Question

A student is given four solid samples labeled W, X, Y, and \(Z\). All have a metallic luster. She is told that the solids could be gold, lead sulfide, mica (which is quartz, or \(\mathrm{SiO}_{2}\) ), and iodine. The results of her investigations are: (a) \(\mathrm{W}\) is a good electrical conductor; \(\mathrm{X}, \mathrm{Y},\) and \(\mathrm{Z}\) are poor electrical conductors. (b) When the solids are hit with a hammer, W flattens out, X shatters into many pieces, \(\mathrm{Y}\) is smashed into a powder, and \(\mathrm{Z}\) is not affected. (c) When the solids are heated with a Bunsen burner, Y melts with some sublimation, but \(\mathrm{X}, \mathrm{W}\), and \(Z\) do not melt. (d) In treatment with \(6 \mathrm{M} \mathrm{HNO}_{3}\), \(\mathrm{X}\) dissolves; there is no effect on \(\mathrm{W}, \mathrm{Y},\) or \(\mathrm{Z}\). On the basis of these test results, identify the solids.

Short answer

W is gold, X is lead sulfide, Y is iodine, Z is mica (quartz).

Step-by-step solution

Analyzing Electrical Conductivity

Given information: \( W \) is a good electrical conductor and \( X, Y, Z \) are poor electrical conductors. Among gold, lead sulfide, mica (quartz), and iodine, gold is a metal and thus a good electrical conductor. Hence, \( W \) is gold.

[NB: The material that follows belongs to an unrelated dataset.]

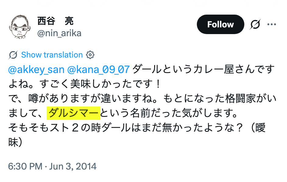 This all began with an interaction on Bluesky with Miguel Corti, who until 2022 worked on Capcom’s localization team in the Osaka office and says staffers asserted that Dhalsim really was named after a nearby restaurant. In fact, during a 2021 trip, Corti picked up a business card from this place — Dhall Curry Shop (カレーショップ ダール).
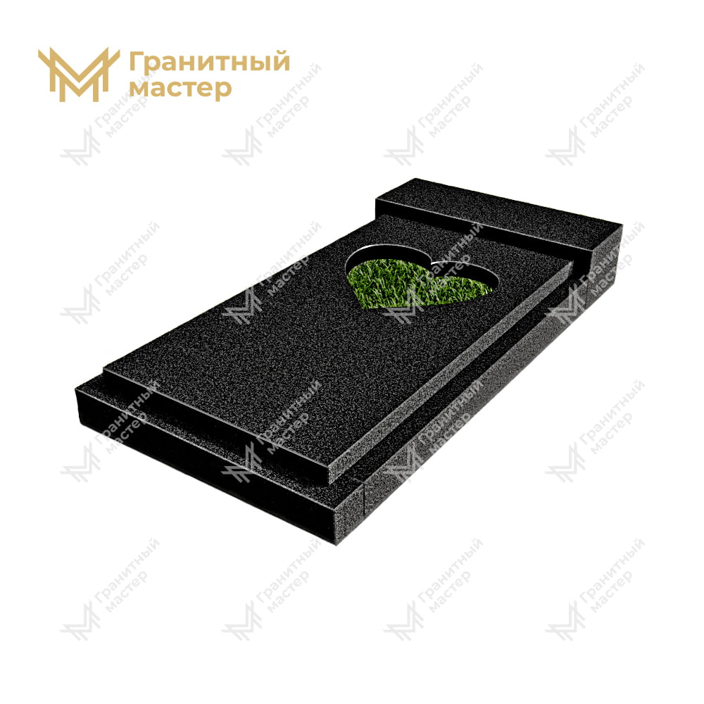 Надгробная плита ПФ-1 классической формы с вырезом в виде сердца, устанавливается на могиле прямо над захоронением. Изготавливается из цельной плиты чёрного карельского гранита диабаз. Часто надгробная плита дополняется рисунками, эпитафиями или декорируется аксессуарами.

Analyzing Reaction to Hammer Test

Analyzing behavior: When hit, \( W \) flattens (indicative of malleability of metals, consistent with gold), \( X \) shatters, \( Y \) turns to powder, \( Z \) remains unchanged. Lead sulfide and mica (quartz) would likely shatter, while iodine is known to be brittle. Hence, \( X \) and \( Y \) are candidates for lead sulfide and iodine, while \( Z \) is likely mica (quartz).

Analyzing Heating Test Results

\( Y \) melts and sublimates with heat, indicative of iodine's properties, whereas \( X, Z, \) and \( W \) do not melt. Iodine can sublimate at lower temperatures, hinting further that \( Y \) is iodine. \( X \) is then likely to be lead sulfide.

Analyzing Reaction with \(6M \; HNO_3\)

\( X \) dissolves in \(6M \; HNO_3\), lead compounds such as lead sulfide can dissolve in acids, confirming that \( X \) is lead sulfide. This leaves us with \( Z \) being mica (quartz), which is not reactive under these conditions.

Key concepts

Electrical Conductivity

Electrical conductivity is the ability of a material to allow the flow of an electric current through it. Substances like metals are good conductors due to their free-moving electrons. Gold, for example, is an excellent electrical conductor, making it a prime candidate for component W in the exercise. In comparison, materials that lack free-moving electrons, such as lead sulfide, mica (quartz), and iodine, are poor conductors. Thus, substances X, Y, and Z, which are stated to be poor conductors, fall into this category. When identifying unknown substances, testing for electrical conductivity can provide insight into which materials contain free electrons and are likely metals.

Chemical Reactions

Chemical reactions involve breaking and forming bonds to create new substances. In our exercise, treatment with nitric acid (\(6M \; HNO_3\)) is a type of chemical reaction test. Substances interacting differently during this test can indicate their identity. Here, solid X dissolves in the acid, which is characteristic of lead sulfide reacting with strong acids to form a soluble lead compound. Meanwhile, no reaction occurs for W, Y, and Z, suggesting that these substances do not react under the given acid conditions. This further helps in identification by highlighting which substances remain inert and which undergo a chemical transformation.

Sublimation

Sublimation occurs when a solid changes directly into a gas without passing through the liquid phase. This is a relatively rare property observable in iodine. When Y is heated and shows signs of melting and sublimation, this is a strong clue that Y is iodine. The sublimation of iodine at a lower temperature can be visually observed as a vapor, distinguishing it from the other substances. Understanding sublimation helps in determining the unique phase change behaviors of materials, especially in distinguishing them from similar-looking substances under heat.

Malleability

Malleability refers to the ability of a substance to deform under compressive stress, which is a common characteristic of metals. In the exercise, W flattens when hit with a hammer, showcasing its malleability. This indicates that W is likely a metal, such as gold. Malleability is a useful property in identifying metals because it differentiates metallic from non-metallic substances. For instance, while X shatters and Z remains unchanged, highlighting their lack of malleability. This property is essential in determining how a substance behaves under mechanical force, aiding in the categorization of metals versus non-metals.